If you can only use one section of your counter, you won’t need to clean the rest.

It may be worth letting things soak for ~3-10 minutes, bonus points for soap and hot water. My personal process for perfection is,

  1. Hot water and soap round
  2. Wait a few minutes
  3. Wipe with a mostly dry water only rag, soaking up lots of the old dirty water and scrubbing any spots that need it
  4. Final round where in one hand I have a lightly watered clean rag, then a completely dry clean rag(or paper towel) that soaks up that water

However, if you are only trying to prevent newly dirtied surfaces from getting messes stuck on: don’t get your rag too wet. Too much water will require extra wipes to dry. It might not be worth using soap which would require an extra round of wiping to remove the soap.

Finally, if you are ultra efficient and rarely clean, you could use a dry rag and wipe only solid objects off. This is a ‘debatably good enough’ quality.

Motion

Some Therbligs. To turn on faucet water, you release a latch/use a faucet. You search for a rag and grasp it. You use the water or rest, waiting for the water to get hot. You may also search and grasp for soap that you will use with the rag and water. Mixing the rag, water, and soap is assembly. Then you transport the load to the counter. Finally you use the rag on the countertops. Upon completion you disassemble the water, rag, and soap by releasing the latch/use the faucet and rinse the rag. Finally you may throw the rag in the laundry, releasing empty.

To make this process more efficient, we look at all the Therbligs. Here are some opportunities for optimization and elimination.

  • Ensure rags/towels are visible and easily accessible. We keep ours in an open bin on the counter.
  • Do something useful while the faucet water is heating up. Fill up nearby empty water bottles to increase your Water Per Second, pick up items that might be covering the countertops, load/empty the dishwasher, etc..
  • Ensure soaps are visible and easily accessible. We keep ours on the counter.
  • Don’t spend too much time mixing the water, rag, and soap, it doesnt matter much. Ensuring a perfectly lathered rag is Over Processing waste. A quick mix is good enough.
  • Upon completion, rinse the rag, but only as much as needed to get large debris off. If you are putting it in the laundry, no reason to ensure all soap and dirty water is gone.

AI suggestions

Clear surfaces ahead of time, to prevent setting down towels/rags/sponges to get to necessary surfaces. I might disagree, you could multitask lifting surfaces and wiping.

Potentially using a bucket/spray bottle to prevent trips back to the sink. This personally wouldn’t work for most of my messes.

Use a spray bottle.

Use microfiber

Challenge yourself to get under a time

Alternative Ideas

Trade favors with roommates, have them clean the counters in exchange for you doing something else. For instance, you could bulk cook food and trade that. Bulk cooking benefits from reducing the number of set up and tear down actions, win win win.

Hire someone.

Use a disposable cleaning wipe. This eliminates a few steps such as turning on water, waiting for water to warm up, and doing laundry.
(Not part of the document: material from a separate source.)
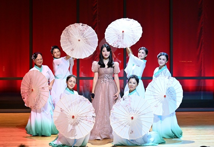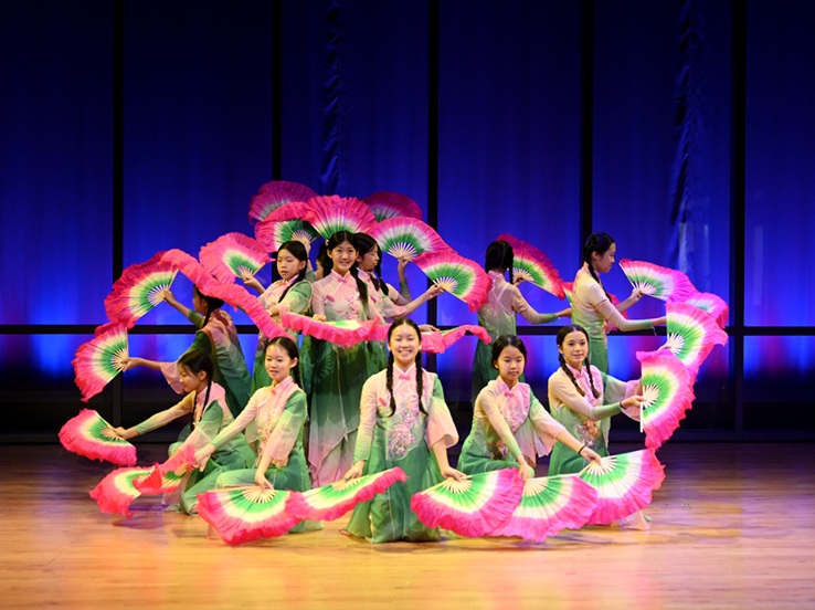 本地也有几个节目共襄盛事。赵玺老师指导的舞蹈《茉莉》,付微微老师指导的《盛世欢歌》,密苏里大学圣路易斯分校学生王涵的女声独唱。从节目效果看得出老师们专业又精心,学生们努力又自信。与专业团队相比,本地节目重在参与,胜在亲切。对这些平日里是各行业专才、在校学生的舞蹈爱好者的表演,观众报以最鼓励包容的欢呼与掌声。

This would be dependent on how dirty the counter was, if you are cost conscious, and if you are an environmentalist.

Use a vacuum cleaner.

Attach a handle onto a rag/use a kitchen mop, this will let you push further without taking steps.
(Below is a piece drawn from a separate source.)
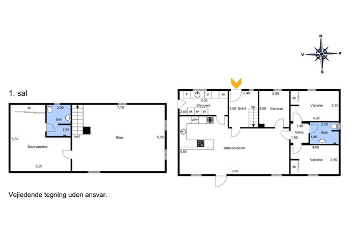 Stueetagen rummer desuden tre regulære værelser, som kan indrettes fleksibelt til soveværelser, børneværelser, kontor eller hobbyrum. Hertil kommer et badeværelse, en rummelig entré samt et praktisk bryggers med plads til hverdagens funktioner.

You could use a towel to push everything on the floor and have a robot vacuum cleaner clean the mess.

Conclusions

This was a first step into Efficient Cleaning. While this wiping counters/tables task might only take a minute or two, the ideas about quality, motion waste/Therbligs, optimal equipment, and optimal pathing might help influence other cleaning activities to help you save time.